How Google’s DeepMind System is Revolutionizing Tropical Cyclone Prediction with Rapid Pace

When Developing Cyclone Melissa was churning off the coast of Haiti, meteorologist Philippe Papin felt certain it was about to escalate to a monster hurricane.

Serving as lead forecaster on duty, he forecasted that in a single day the weather system would become a category 4 hurricane and start shifting towards the Jamaican shoreline. Not a single expert had previously made this confident forecast for quick intensification.

However, Papin had an ace up his sleeve: AI technology in the guise of the tech giant’s recently introduced DeepMind cyclone prediction system – launched for the initial occasion in June. And, as predicted, Melissa evolved into a system of astonishing strength that ravaged Jamaica.

Increasing Reliance on AI Predictions

Forecasters are increasingly leaning hard on Google DeepMind. On the morning of 25 October, Papin clarified in his public discussion that the AI tool was a primary reason for his confidence: “Roughly 40/50 AI simulation runs indicate Melissa reaching a Category 5 storm. Although I am not ready to forecast that intensity at this time given path variability, that remains a possibility.

“There is a high probability that a period of quick strengthening will occur as the system moves slowly over very warm ocean waters which is the most extreme oceanic heat content in the whole Atlantic basin.”

Surpassing Traditional Systems

Google DeepMind is the first AI model dedicated to tropical cyclones, and currently the initial to beat standard weather forecasters at their own game. Through all tropical systems so far this year, Google’s model is top-performing – even beating human forecasters on track predictions.

The hurricane eventually made landfall in Jamaica at maximum strength, one of the strongest landfalls ever documented in almost 200 years of data collection across the region.
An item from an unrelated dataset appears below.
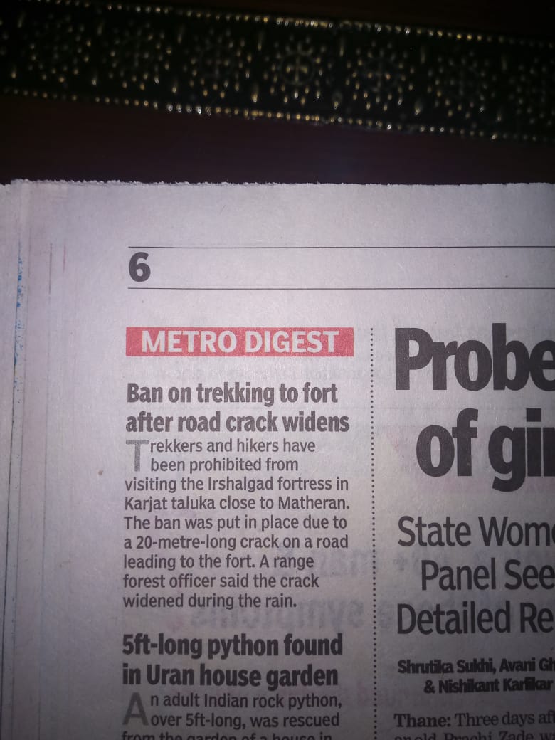 Trekkers and hikers have been prohibited from visting the irshalgad fortress at karjat taluka close to matheran.This ban was put in place due to a 20 mtr long crack in the road leading to the fort. A range forest officer said the crack widened during the rain

Papin’s bold forecast probably provided people in Jamaica extra time to prepare for the catastrophe, possibly saving lives and property.

How The System Works

The AI system operates through spotting patterns that traditional lengthy physics-based prediction systems may miss.

“The AI performs far faster than their traditional counterparts, and the computing power is less expensive and demanding,” said Michael Lowry, a former forecaster.

“What this hurricane season has proven in quick time is that the recent AI weather models are on par with and, in some cases, superior than the slower traditional forecasting tools we’ve traditionally leaned on,” he said.

Understanding AI Technology

It’s important to note, Google DeepMind is an example of machine learning – a method that has been used in data-heavy sciences like meteorology for a long time – and is distinct from creative artificial intelligence like ChatGPT.

Machine learning takes large datasets and pulls out patterns from them in a manner that its system only takes a few minutes to come up with an answer, and can operate on a desktop computer – in sharp difference to the primary systems that governments have used for years that can take hours to process and require some of the biggest high-performance systems in the world.

Expert Responses and Upcoming Developments

Still, the fact that the AI could outperform earlier gold-standard traditional systems so quickly is truly remarkable to meteorologists who have spent their careers trying to forecast the most intense storms.

“It’s astonishing,” said James Franklin, a former expert. “The data is sufficient that it’s pretty clear this is not a case of beginner’s luck.”

He noted that although Google DeepMind is beating all other models on forecasting the trajectory of hurricanes globally this year, similar to other systems it occasionally gets high-end intensity forecasts wrong. It had difficulty with Hurricane Erin earlier this year, as it was also undergoing rapid intensification to category 5 above the Caribbean.

In the coming offseason, Franklin said he intends to discuss with the company about how it can enhance the AI results more useful for experts by providing extra under-the-hood data they can utilize to evaluate the reasons it is coming up with its conclusions.

“The one thing that troubles me is that although these forecasts seem to be really, really good, the results of the model is essentially a opaque process,” remarked Franklin.

Broader Industry Developments

There has never been a commercial entity that has produced a top-level weather model which allows researchers a view of its methods – in contrast to nearly all other models which are provided free to the public in their full form by the authorities that created and operate them.

The company is not the only one in starting to use artificial intelligence to address challenging meteorological problems. The authorities are developing their own artificial intelligence systems in the works – which have demonstrated improved skill over earlier non-AI versions.

The next steps in AI weather forecasts appear to involve startup companies tackling previously difficult problems such as sub-seasonal outlooks and improved early alerts of severe weather and flash flooding – and they are receiving federal support to pursue this. A particular firm, WindBorne Systems, is even launching its proprietary weather balloons to address deficiencies in the national monitoring system.

Kaitlyn Roberts
Kaitlyn Roberts

A passionate writer and lifestyle enthusiast sharing curated content on fashion, travel, and wellness from a UK perspective.